Are you using this an a viewing light? For the most part, one hour increase shouldn't cause too many issues but it may cause a little more algae. Just make sure tank is mature and your CO2 stays on for longer.


----------



## ian_m (29 Feb 2016)

These produce b*gger lumens compared to a proper tank light, so will have absolutely no effect on your lighting schedule and plants.


----------



## Kosko (29 Feb 2016)

rebel said:


> Are you using this an a viewing light? For the most part, one hour increase shouldn't cause too many issues but it may cause a little more algae. Just make sure tank is mature and your CO2 stays on for longer.



Yes its just for viewing .


Sent from my iPhone using Tapatalk


----------



## Kosko (29 Feb 2016)

Rebel and ian_m Thank you for your replies  


Sent from my iPhone using Tapatalk


----------



## ian_m (29 Feb 2016)

Oh also watch out as LED's from China "water proof" does not in fact have the UK English meaning. It translatingly means "may be wiped with a damp, but better if really dry cloth....do not expose to moisture"...

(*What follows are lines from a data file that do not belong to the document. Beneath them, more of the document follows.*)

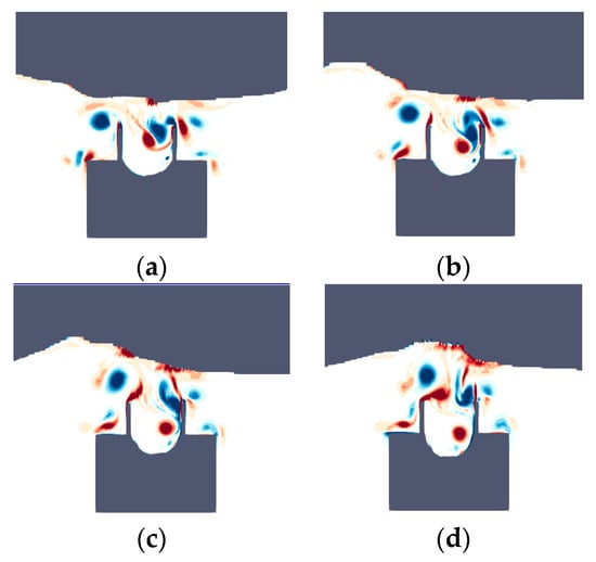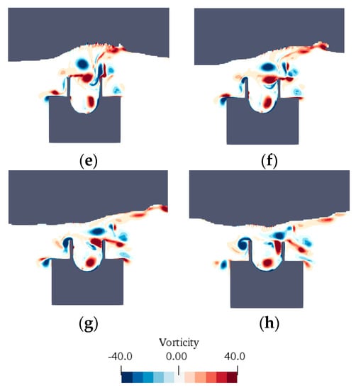 The instantaneous vorticity contour for T = 0.8 s in one wave period (H = 0.1 m and d = 0.18 m): (a) t = 1/8T, (b) t = 2/8T, (c) t = 3/8T, (d) t = 4/8T, (e) t = 5/8T, (f) t = 6/8T, (g) t = 7/8T, and (h) t = 8/8T.
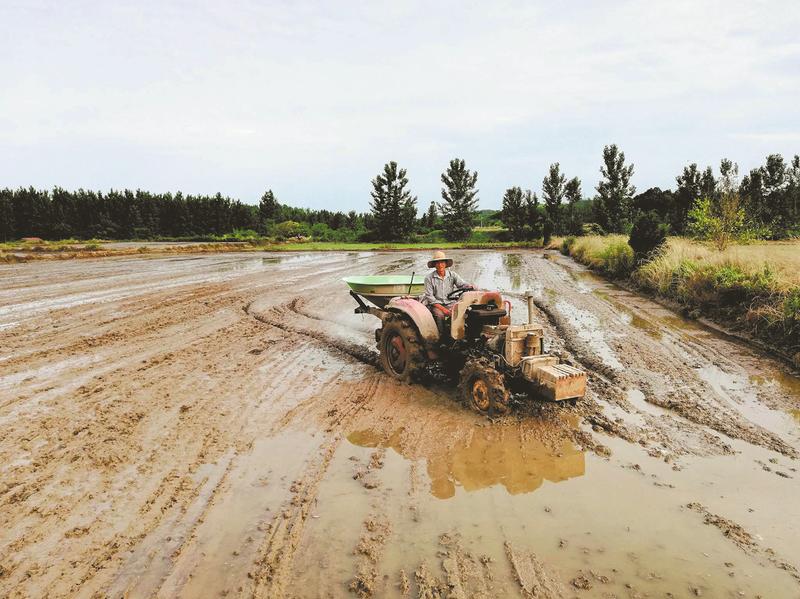 随县澴潭镇黄林村香稻种植基地抢农时忙生产。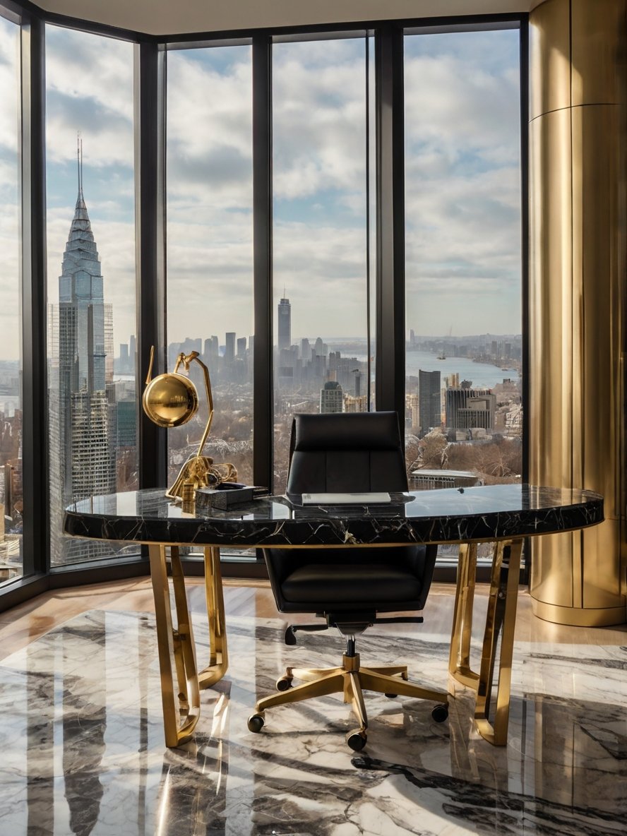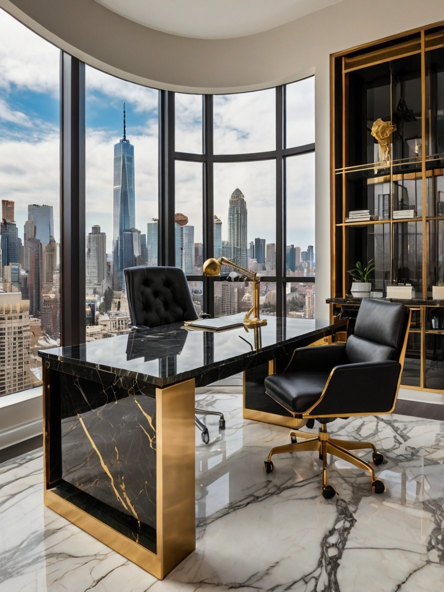 This office is more than just a workspace, it’s a statement of power, prestige, and refined taste. Perched high above the city with sweeping panoramic views, this space seamlessly combines luxury and productivity. The black marble desk, framed in gleaming gold, stands as a commanding centerpiece, exuding both sophistication and strength. A sleek black leather chair adds an executive touch, while the polished marble floors reflect the natural light pouring in through the expansive floor-to-ceiling windows. Every detail, from the sculptural gold lamp to the rich textures of the materials, is meticulously curated to create an atmosphere of inspiration and success. This is the ultimate office for those who aim high and settle for nothing less than extraordinary.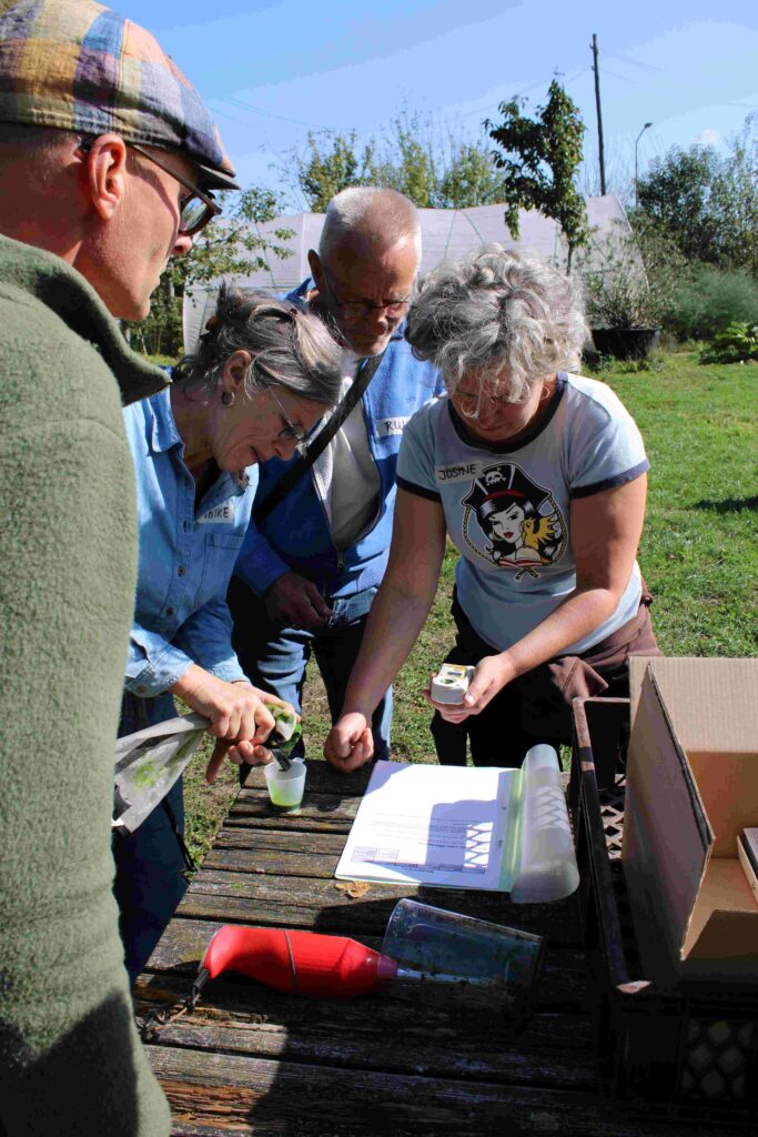 Een andere groep buren ging aan de slag met natuuronderzoek of verdiepte zich in de bodem. Theo Peeters van KNNV en Martin Mol van vereniging Natuur en Milieu Hilvarenbeek lieten zien hoe je met de app ObsIdentify biodiversiteit in kaart kunt brengen. De deelnemers onderzochten op diverse plekken op de boerderij welke planten en dieren er voorkomen. Zo werden, naast veel verschillende kruidensoorten, de bruine graswants en de kleine vuurvlinder gespot. Ook ontdekten buren wat een gezonde bodem inhoudt en hoe je dit kan bevorderen. Nikki Daniëls van De Compostkeuken deelde haar kennis over bodemstructuren en het maken van compostextract.

I put some LED strips in my hood, basically impossible to stick to hood, every glue/sticky substance I tried came undone and then water got in via joints and corroded the internal connections. Also some of the LED's started to fail after a couple of months, the white ones going yellow and yellowing the plastic. So stuck with Ye Olde reliable T5 tubes.


----------



## rebel (20 Apr 2016)

ian_m said:


> Oh also watch out as LED's from China "water proof" does not in fact have the UK English meaning. It translatingly means "may be wiped with a damp, but better if really dry cloth....do not expose to moisture"...
> 
> I put some LED strips in my hood, basically impossible to stick to hood, every glue/sticky substance I tried came undone and then water got in via joints and corroded the internal connections. Also some of the LED's started to fail after a couple of months, the white ones going yellow and yellowing the plastic. So stuck with Ye Olde reliable T5 tubes.


Yep, happened to me as well. Discoloured and some sections failing. Still kinda works though....


----------